La band adesso ha stabilmente inserito nel suo organico un altro tastierista, nella persona di Ryo Okumoto, già presente nelle (nellA..?) esibizioni live per aiutare Neal Morse che funge anche da voce solista appunto. Gli altri componenti sono immutati, compreso l'oramai noto nuovo drummer (quanto meno in studio) dei Genesis, ovvero Mr. Nick D'Virgilio.
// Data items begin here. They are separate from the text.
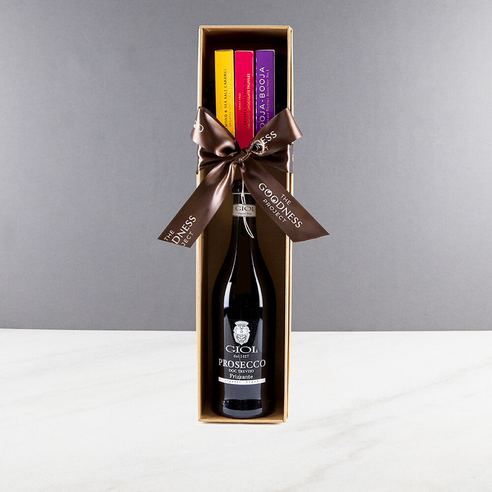Corporate gifting doesn't get any more luxury than this, your clients will fall in love with the mouthwatering assortment of Booja Booja Truffles after they crack open this magnificent bottle of Italian Semi-sparkling Prosecco. With the options of Raspberry, Almond Salted Caramel, and Fine de Champagne truffles, the luxury Italian Prosecco and Booja Booja Truffles Gift Set is a classic corporate gift they definitely won't forget!
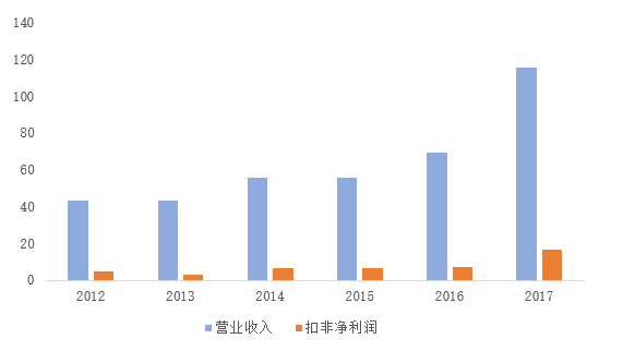 图2:2012-2017年大族激光营收情况(亿元),资料来源:大族激光历年年报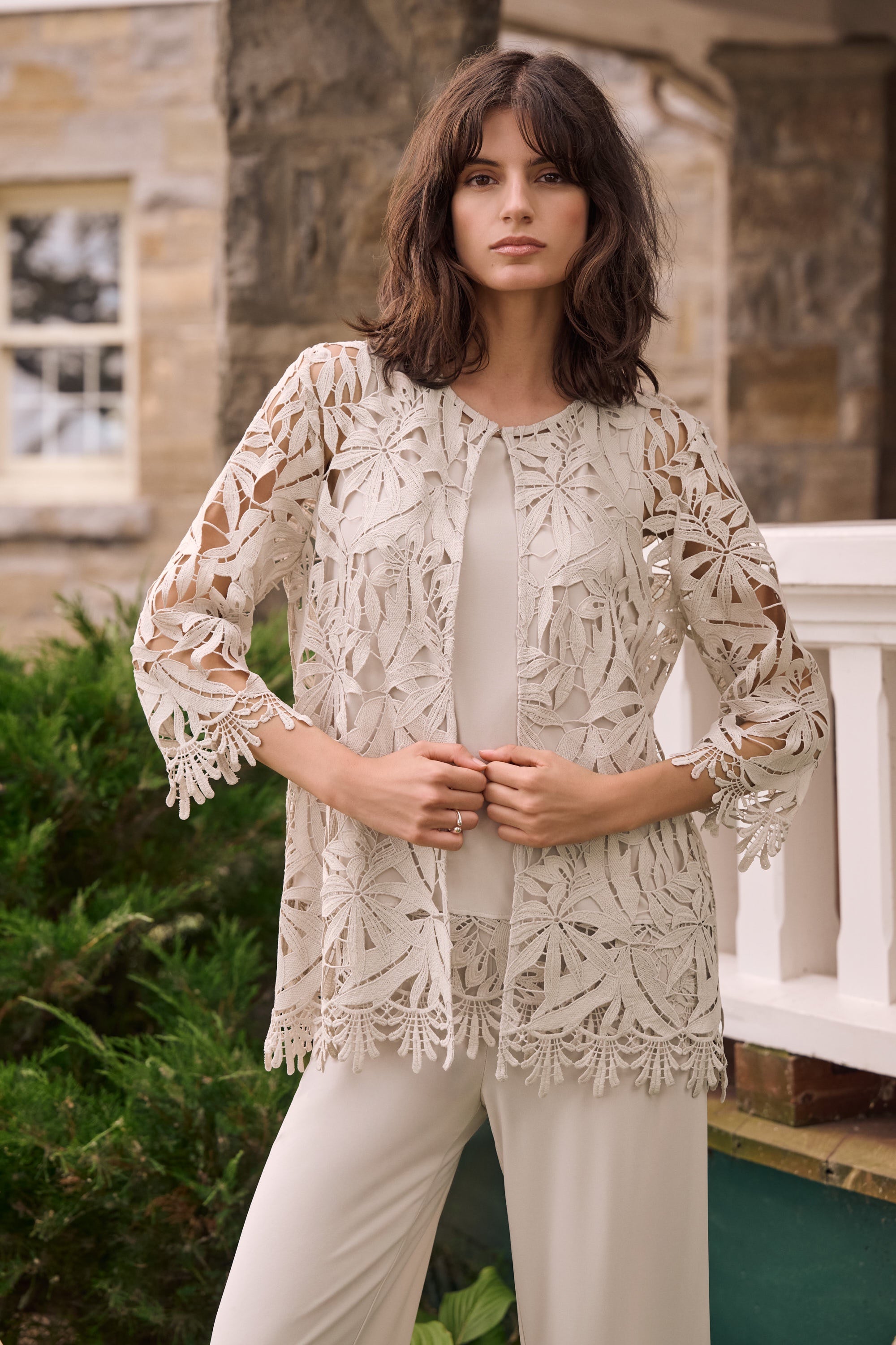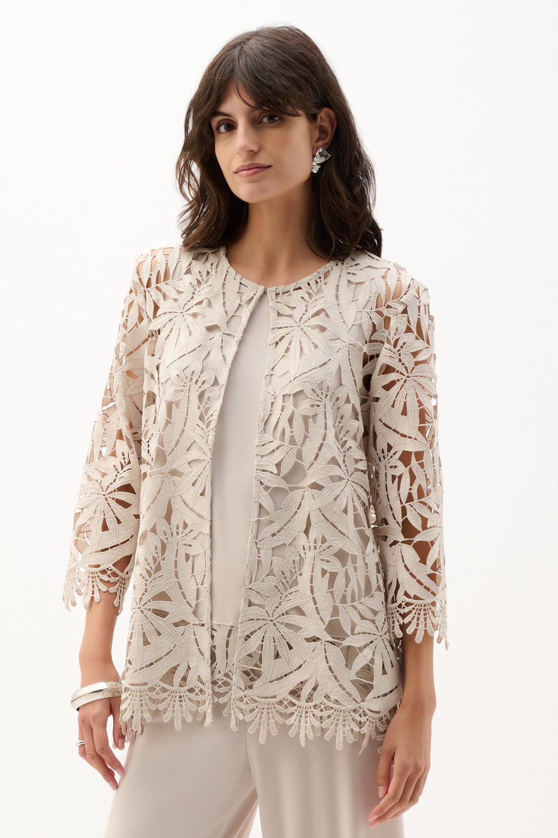 Joseph Ribkoff Guipure Lace Twinset in Moonstone 262096-262094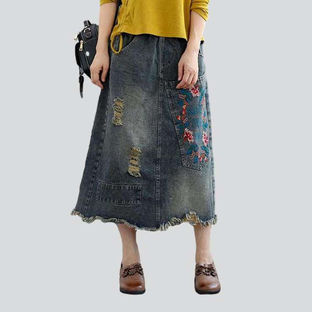Presentamos la colección Primavera-Verano 2023, un vibrante homenaje a la escena de la moda Y2K con nuestra falda vaquera bordada, larga, de cintura alta y rasgada para mujer .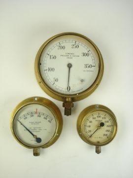 A 7 inch brass bulkhead Combined Pressure and Vacuum gauge by J Tomey & Sons, Birmingham, together with a smaller 'Sentinel' pressure gauge and a 4 inch pressure gauge:, (3)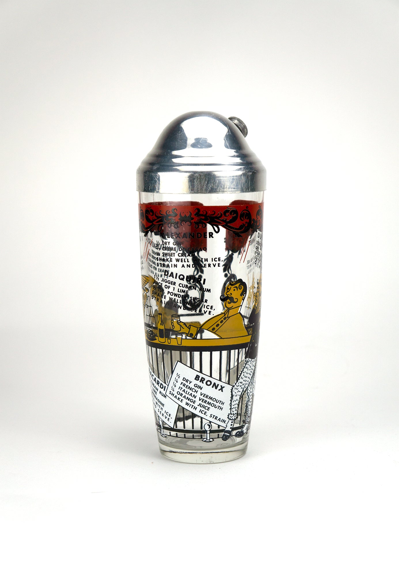 A glass Wild West “Ragtime” themed shaker features recipes for classic cocktails. Topped with an aluminum lid and strainer. Ready to be put to use or as decorative display for the home bar.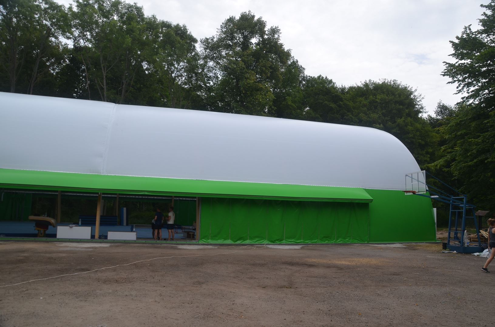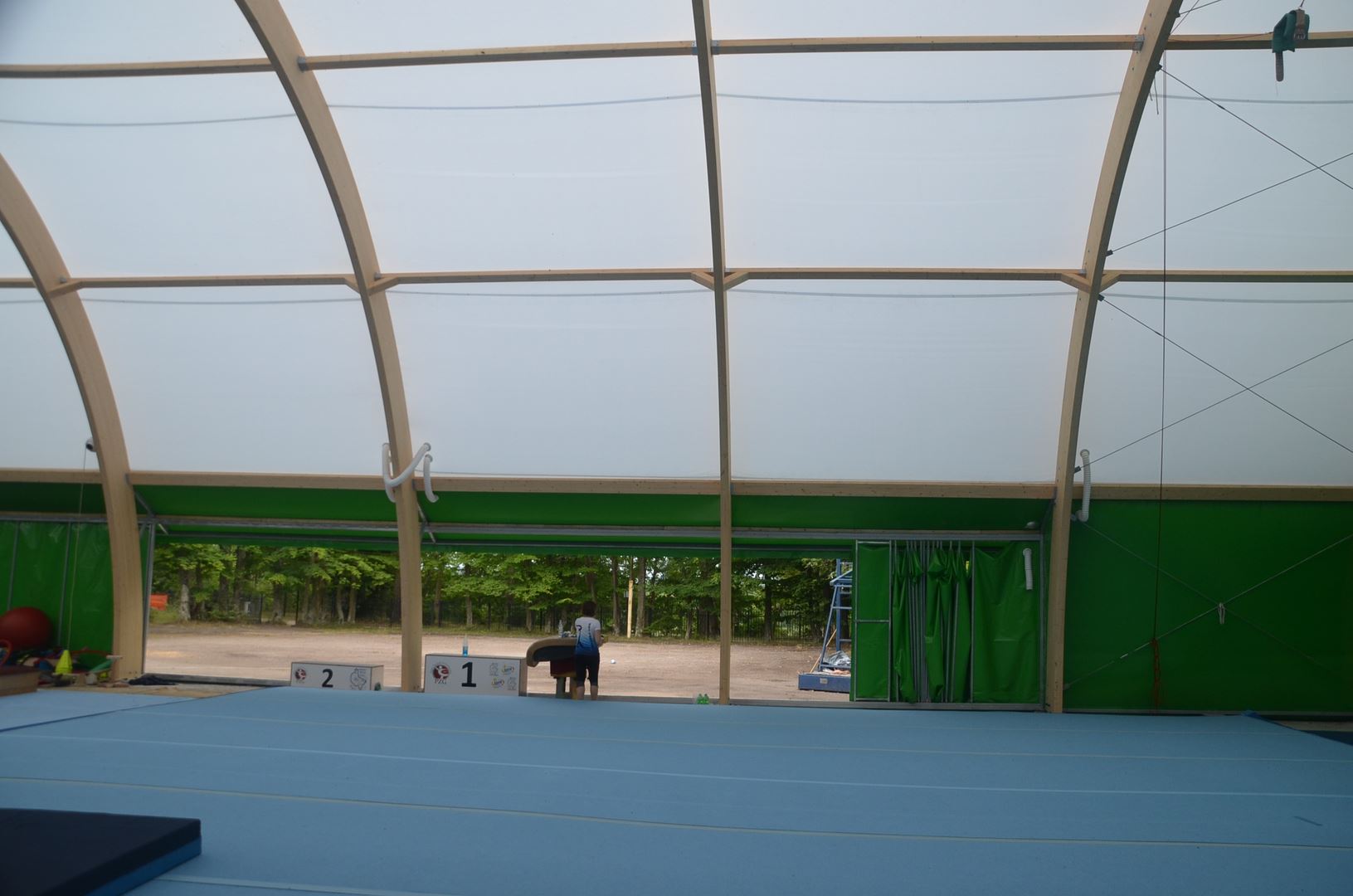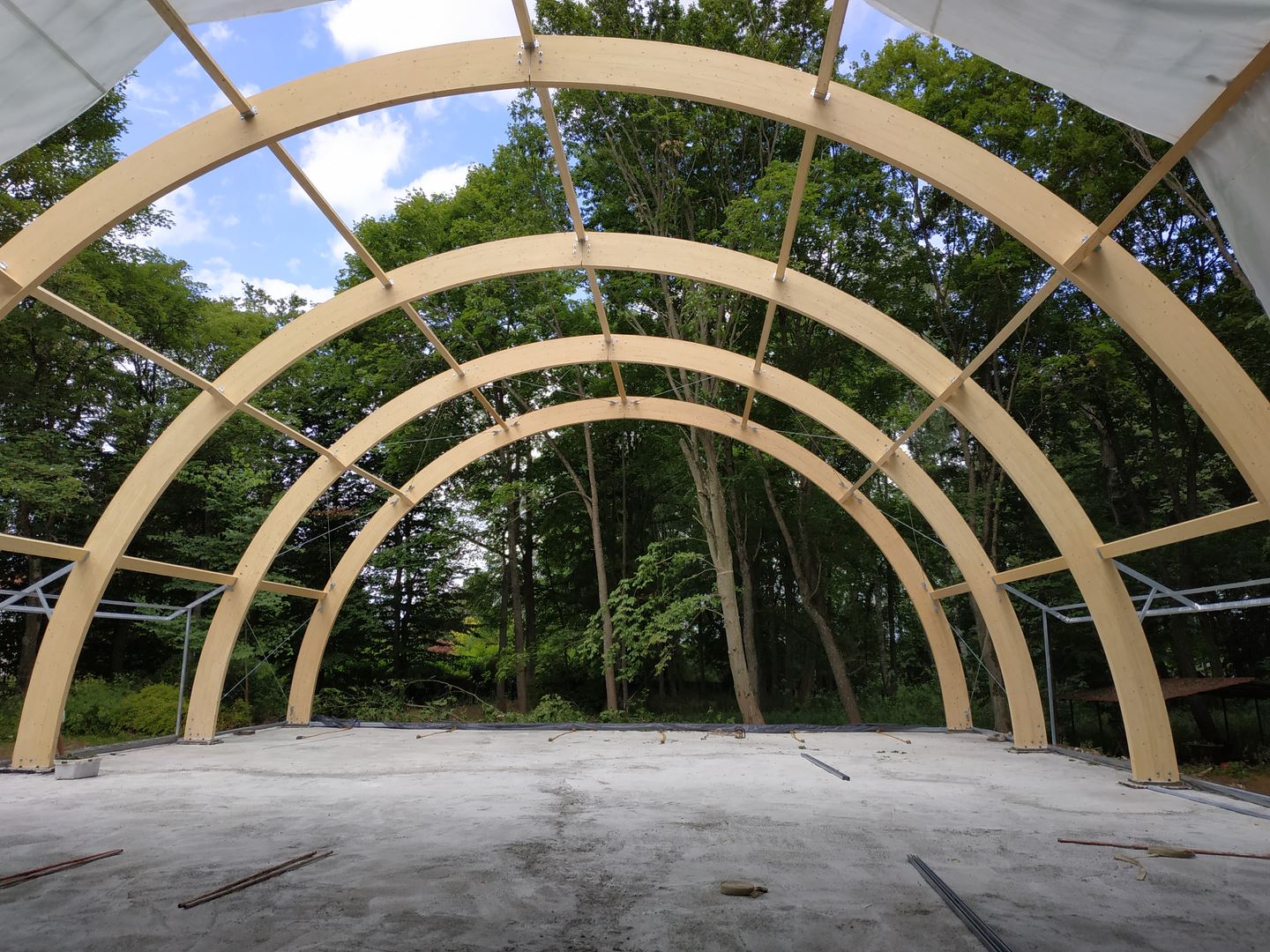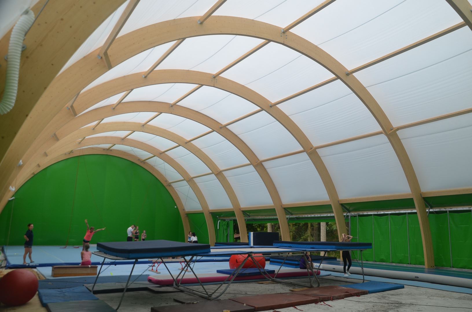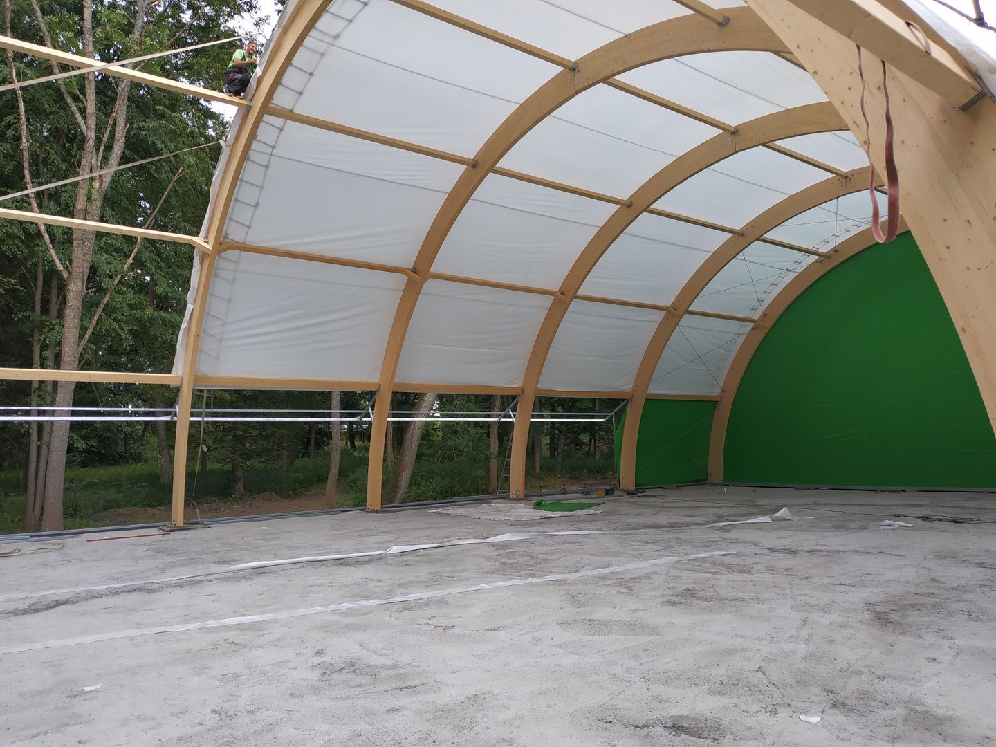 Główną konstrukcję nośną stanowią dźwigary łukowe z drewna klejonego tworzące dach w kształcie półbeczki. Dopełnieniem konstrukcji są płatwie i tężniki dachowe. Całość konstrukcji jest pokryta trudno zapalną powłoką membranową PVC

Cominciamo subito alla grande con la title-track che, a dispetto delle conclamate influenze Kansas/Gentle Giant degli Spock's Beard, fa tuttavia pensare ai migliori Yes, quanto meno per la parte strumentale del brano. Ad ogni modo si tratta sicuramente di uno dei punti più alti del CD... godetevelo quindi subito... e aspettate il resto, che non è da meno. "Thoughts" è un tipico brano da Spock's Beard... se si può oramai dire così... mentre la successiva "The doorway"... ehilà... ci riporta verso le stelle coi suoi 11 minuti di Prog dalle forti tinte sinfoniche (come si sentono in certi punti le tastiere pesanti di Ryo...!). "Chatauqua".,. è in pratica la "Horizons" degli Spocks, una piccola pausa acustica per riprendere fiato prima di "Walking on the wind", altro pezzo forte che ci instupidisce fin dalle prime battute del sue bombardamento sonoro. Non pensiate tuttavia di ascoltare un brano (e un album) che non vi lascia tregua da parti strumentali concentriche ed avvolgenti, senza soluzione di continuità, come abitudine di molte bands americane (pensate ai Magellan...). Al contrario questa band, come nel primo album, ma ancor più in questo, propende per una concezione musicale che miscela armoniosamente e sapientemente il bombardamento sinfonico e la liricità del grande gruppo, non sfiancando mai l'ascoltatore con eccessi dall'una o dall'altra parte. La chiusura viene dunque affidata ai 16 minuti di "Time has come", come detto, un brano che necessiterebbe di un altro bel po' d'inchiostro per essere descritto...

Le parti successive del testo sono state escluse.